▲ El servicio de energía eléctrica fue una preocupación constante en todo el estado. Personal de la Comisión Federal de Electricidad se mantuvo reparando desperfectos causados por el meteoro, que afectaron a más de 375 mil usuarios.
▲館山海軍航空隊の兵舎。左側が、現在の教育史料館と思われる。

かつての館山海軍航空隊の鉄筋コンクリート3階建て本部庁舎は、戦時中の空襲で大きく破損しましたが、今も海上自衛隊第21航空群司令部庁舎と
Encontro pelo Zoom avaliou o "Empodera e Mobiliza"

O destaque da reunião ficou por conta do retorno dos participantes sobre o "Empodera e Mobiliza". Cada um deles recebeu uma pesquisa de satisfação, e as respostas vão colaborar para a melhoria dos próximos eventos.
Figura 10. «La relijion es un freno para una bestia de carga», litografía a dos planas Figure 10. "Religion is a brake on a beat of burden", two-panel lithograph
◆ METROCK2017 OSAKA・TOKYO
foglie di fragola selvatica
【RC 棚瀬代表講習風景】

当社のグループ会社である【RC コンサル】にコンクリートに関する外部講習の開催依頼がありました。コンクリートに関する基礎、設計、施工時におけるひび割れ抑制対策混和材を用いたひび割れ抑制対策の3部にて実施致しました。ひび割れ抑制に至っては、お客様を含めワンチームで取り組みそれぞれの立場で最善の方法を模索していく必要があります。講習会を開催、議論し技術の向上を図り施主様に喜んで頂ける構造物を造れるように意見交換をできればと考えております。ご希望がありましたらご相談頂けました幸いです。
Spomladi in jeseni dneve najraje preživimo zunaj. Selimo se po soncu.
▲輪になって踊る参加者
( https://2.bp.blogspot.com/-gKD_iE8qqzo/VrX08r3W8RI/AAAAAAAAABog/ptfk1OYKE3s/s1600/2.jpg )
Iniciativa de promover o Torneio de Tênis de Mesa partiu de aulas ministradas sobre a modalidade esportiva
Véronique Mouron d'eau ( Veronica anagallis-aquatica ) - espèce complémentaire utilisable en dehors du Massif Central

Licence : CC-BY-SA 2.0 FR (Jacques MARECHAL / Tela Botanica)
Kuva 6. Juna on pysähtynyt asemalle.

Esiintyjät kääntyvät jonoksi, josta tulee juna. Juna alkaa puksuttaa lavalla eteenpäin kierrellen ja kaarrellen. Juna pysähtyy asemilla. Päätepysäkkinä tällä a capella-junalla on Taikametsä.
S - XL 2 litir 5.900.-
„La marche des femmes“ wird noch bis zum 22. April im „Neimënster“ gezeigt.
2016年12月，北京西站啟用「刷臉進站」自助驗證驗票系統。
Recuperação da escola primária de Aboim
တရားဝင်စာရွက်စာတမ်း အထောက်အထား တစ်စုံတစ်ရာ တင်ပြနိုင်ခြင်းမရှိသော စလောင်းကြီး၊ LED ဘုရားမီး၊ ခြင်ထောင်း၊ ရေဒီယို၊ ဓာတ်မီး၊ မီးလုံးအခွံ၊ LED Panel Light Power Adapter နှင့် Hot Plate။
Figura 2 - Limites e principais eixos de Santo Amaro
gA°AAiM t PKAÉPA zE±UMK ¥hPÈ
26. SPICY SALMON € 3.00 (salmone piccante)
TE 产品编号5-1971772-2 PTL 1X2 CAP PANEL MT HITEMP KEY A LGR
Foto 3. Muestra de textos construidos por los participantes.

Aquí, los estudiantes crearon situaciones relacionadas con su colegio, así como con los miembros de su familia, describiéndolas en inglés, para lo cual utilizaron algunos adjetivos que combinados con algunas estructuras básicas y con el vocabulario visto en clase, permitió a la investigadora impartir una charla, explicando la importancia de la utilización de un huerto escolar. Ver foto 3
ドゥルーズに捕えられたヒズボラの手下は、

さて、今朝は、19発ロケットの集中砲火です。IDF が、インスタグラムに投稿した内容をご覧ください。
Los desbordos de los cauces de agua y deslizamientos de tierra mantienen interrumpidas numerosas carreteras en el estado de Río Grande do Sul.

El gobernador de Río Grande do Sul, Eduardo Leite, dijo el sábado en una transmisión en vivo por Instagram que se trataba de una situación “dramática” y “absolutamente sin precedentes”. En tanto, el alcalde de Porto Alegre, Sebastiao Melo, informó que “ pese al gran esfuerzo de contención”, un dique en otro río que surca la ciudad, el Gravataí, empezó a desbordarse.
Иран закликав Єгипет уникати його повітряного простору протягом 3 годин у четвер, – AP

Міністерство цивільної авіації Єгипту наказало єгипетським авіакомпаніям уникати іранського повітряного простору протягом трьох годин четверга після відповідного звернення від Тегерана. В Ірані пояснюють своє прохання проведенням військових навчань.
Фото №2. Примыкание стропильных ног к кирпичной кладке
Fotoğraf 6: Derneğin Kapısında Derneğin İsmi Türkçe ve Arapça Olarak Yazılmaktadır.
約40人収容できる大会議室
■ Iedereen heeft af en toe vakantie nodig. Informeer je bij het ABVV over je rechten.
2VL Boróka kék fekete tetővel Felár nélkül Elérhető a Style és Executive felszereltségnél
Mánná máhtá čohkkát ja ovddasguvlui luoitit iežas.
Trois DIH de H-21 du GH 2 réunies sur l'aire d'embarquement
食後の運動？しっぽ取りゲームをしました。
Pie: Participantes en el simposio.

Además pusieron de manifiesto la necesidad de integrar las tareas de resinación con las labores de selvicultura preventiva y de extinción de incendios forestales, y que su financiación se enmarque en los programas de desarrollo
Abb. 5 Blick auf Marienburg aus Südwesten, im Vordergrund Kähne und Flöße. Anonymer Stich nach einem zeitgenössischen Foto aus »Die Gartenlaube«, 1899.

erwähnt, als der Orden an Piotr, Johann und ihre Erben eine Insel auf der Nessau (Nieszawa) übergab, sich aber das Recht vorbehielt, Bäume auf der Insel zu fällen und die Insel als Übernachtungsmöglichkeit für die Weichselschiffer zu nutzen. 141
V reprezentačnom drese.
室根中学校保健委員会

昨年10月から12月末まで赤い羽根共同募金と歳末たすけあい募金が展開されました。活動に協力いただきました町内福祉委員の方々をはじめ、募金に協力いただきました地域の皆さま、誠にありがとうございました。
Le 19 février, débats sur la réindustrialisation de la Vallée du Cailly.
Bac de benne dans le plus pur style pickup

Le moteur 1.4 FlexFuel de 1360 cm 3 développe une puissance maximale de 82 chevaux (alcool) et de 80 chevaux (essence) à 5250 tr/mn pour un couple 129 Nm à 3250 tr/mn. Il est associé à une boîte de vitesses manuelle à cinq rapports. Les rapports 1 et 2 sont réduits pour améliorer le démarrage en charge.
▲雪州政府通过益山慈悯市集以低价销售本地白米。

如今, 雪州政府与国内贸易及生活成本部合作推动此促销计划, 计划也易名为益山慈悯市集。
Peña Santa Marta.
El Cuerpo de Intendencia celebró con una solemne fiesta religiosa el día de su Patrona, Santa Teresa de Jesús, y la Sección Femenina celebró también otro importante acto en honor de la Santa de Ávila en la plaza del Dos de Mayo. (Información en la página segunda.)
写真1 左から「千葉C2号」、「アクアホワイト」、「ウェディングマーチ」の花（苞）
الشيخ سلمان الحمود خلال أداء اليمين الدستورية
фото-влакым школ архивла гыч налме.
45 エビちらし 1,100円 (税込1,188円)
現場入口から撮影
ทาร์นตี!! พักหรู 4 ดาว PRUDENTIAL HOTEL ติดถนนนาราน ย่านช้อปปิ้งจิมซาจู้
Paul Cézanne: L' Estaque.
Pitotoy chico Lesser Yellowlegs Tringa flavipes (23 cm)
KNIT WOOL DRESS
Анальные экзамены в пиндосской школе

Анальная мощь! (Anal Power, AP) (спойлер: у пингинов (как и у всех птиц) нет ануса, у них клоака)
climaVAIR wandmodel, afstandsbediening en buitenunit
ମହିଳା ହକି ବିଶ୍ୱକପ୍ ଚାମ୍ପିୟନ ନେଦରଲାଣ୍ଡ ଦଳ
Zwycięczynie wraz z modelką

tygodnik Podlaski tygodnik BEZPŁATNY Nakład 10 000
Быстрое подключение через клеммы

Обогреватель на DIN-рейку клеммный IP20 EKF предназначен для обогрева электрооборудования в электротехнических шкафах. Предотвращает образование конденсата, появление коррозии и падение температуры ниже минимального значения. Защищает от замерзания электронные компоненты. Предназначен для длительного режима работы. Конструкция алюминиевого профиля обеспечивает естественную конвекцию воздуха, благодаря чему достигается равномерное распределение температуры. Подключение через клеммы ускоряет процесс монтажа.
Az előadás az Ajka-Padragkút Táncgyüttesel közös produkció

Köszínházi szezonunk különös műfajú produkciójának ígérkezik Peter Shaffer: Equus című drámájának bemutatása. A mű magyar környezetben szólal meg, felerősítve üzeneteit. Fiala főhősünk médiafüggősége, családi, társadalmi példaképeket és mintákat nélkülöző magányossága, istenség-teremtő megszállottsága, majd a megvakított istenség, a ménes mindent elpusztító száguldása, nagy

================================

#### What you are asked to do
From the records above, copy each line that contains the word "годин".

#### Output of the task
Иран закликав Єгипет уникати його повітряного простору протягом 3 годин у четвер, – AP
Міністерство цивільної авіації Єгипту наказало єгипетським авіакомпаніям уникати іранського повітряного простору протягом трьох годин четверга після відповідного звернення від Тегерана. В Ірані пояснюють своє прохання проведенням військових навчань.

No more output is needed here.